#### YOUR ASSIGNMENT
Output, exactly and with no pictures, the line that contains "Pregadeira Buccellati em" and every line that comes after it in the data below, the last one included.

[Stored data]
════════

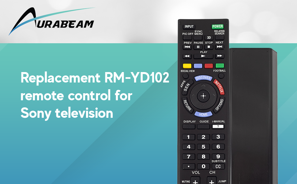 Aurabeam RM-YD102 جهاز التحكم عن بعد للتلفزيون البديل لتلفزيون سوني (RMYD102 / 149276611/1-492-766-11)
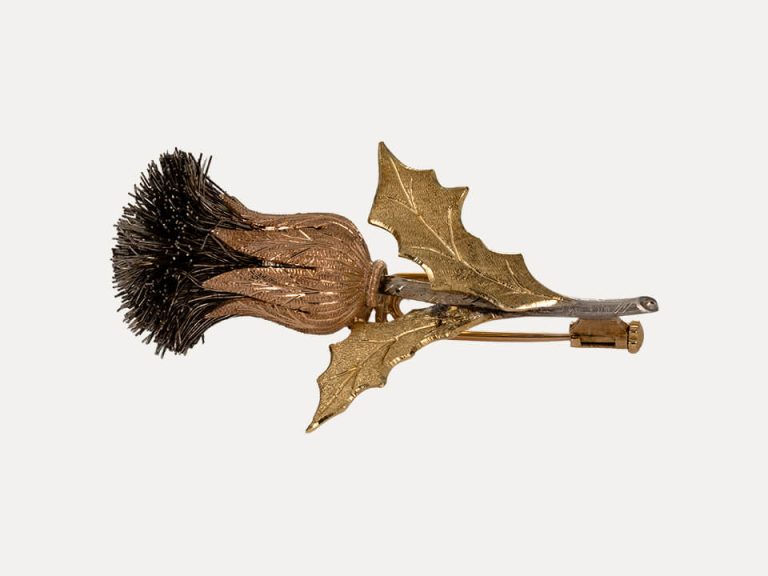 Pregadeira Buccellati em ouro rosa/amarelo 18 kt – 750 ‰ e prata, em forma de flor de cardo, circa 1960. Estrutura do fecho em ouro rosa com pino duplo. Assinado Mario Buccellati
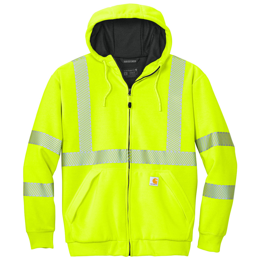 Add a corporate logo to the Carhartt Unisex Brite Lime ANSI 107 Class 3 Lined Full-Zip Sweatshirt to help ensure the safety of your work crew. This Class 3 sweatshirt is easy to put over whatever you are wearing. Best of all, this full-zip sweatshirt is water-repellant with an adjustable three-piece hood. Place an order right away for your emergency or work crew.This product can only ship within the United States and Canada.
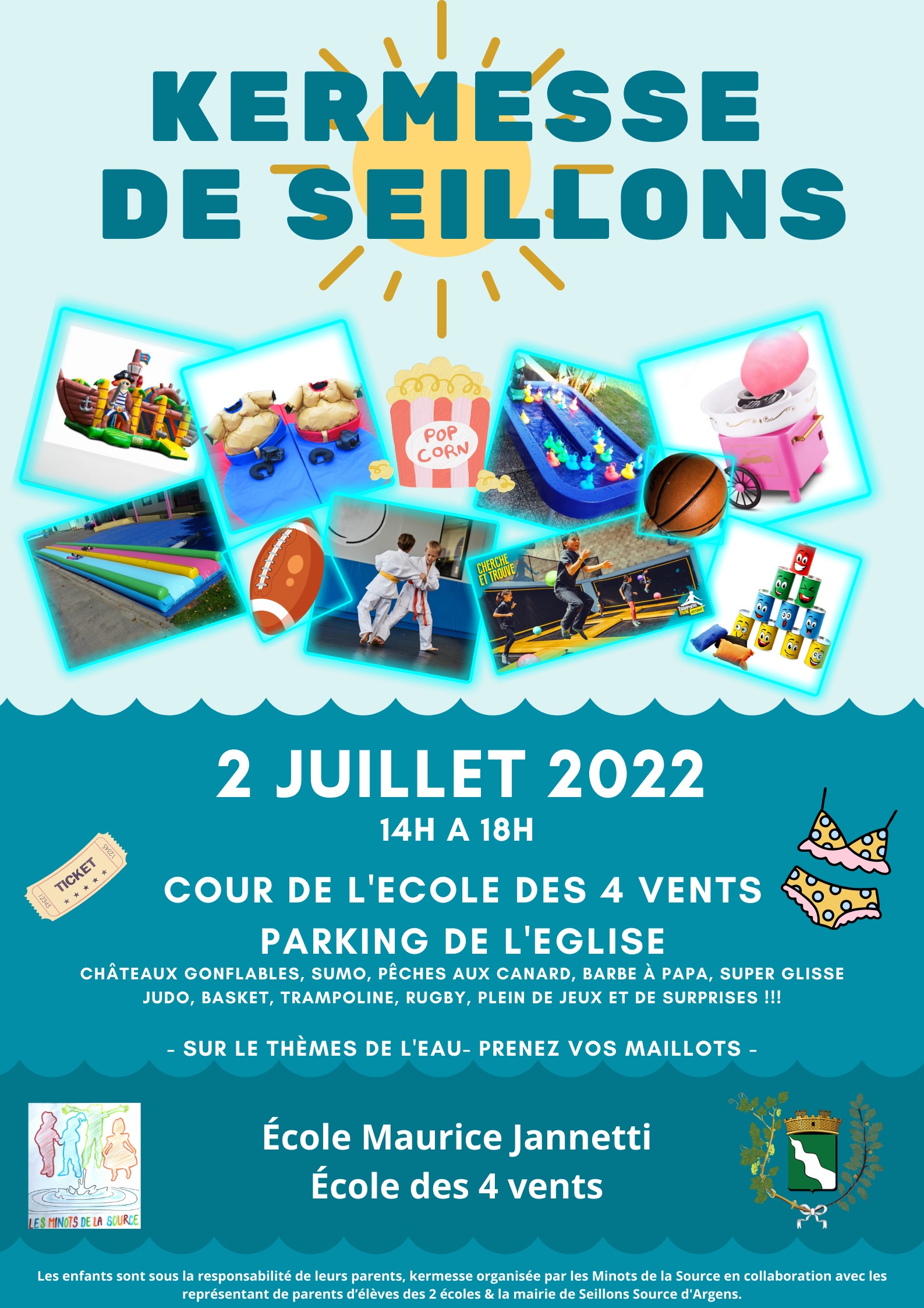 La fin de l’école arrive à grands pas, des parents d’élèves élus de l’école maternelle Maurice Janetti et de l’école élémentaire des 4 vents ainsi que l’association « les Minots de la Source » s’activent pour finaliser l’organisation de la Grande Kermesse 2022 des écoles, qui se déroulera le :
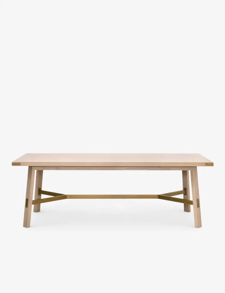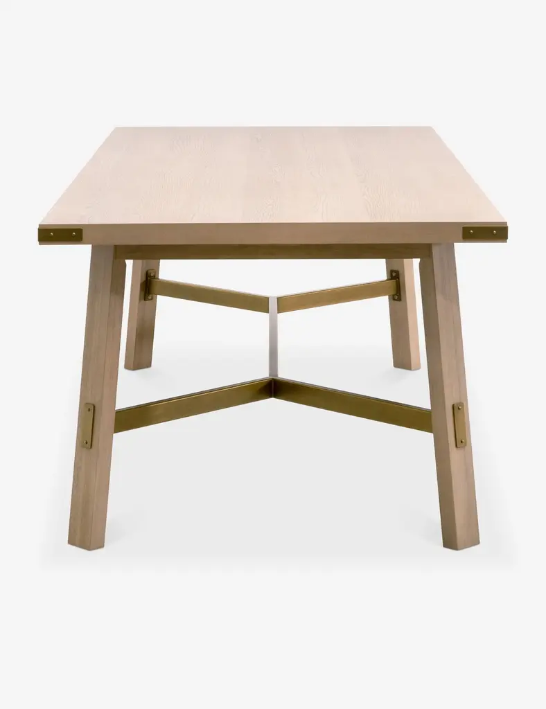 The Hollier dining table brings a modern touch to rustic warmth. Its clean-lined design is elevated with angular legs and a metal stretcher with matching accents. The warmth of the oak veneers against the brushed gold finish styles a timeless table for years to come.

════════

#### EXERCISE RESPONSE
 Pregadeira Buccellati em ouro rosa/amarelo 18 kt – 750 ‰ e prata, em forma de flor de cardo, circa 1960. Estrutura do fecho em ouro rosa com pino duplo. Assinado Mario Buccellati
 Add a corporate logo to the Carhartt Unisex Brite Lime ANSI 107 Class 3 Lined Full-Zip Sweatshirt to help ensure the safety of your work crew. This Class 3 sweatshirt is easy to put over whatever you are wearing. Best of all, this full-zip sweatshirt is water-repellant with an adjustable three-piece hood. Place an order right away for your emergency or work crew.This product can only ship within the United States and Canada.
 La fin de l’école arrive à grands pas, des parents d’élèves élus de l’école maternelle Maurice Janetti et de l’école élémentaire des 4 vents ainsi que l’association « les Minots de la Source » s’activent pour finaliser l’organisation de la Grande Kermesse 2022 des écoles, qui se déroulera le :
 The Hollier dining table brings a modern touch to rustic warmth. Its clean-lined design is elevated with angular legs and a metal stretcher with matching accents. The warmth of the oak veneers against the brushed gold finish styles a timeless table for years to come.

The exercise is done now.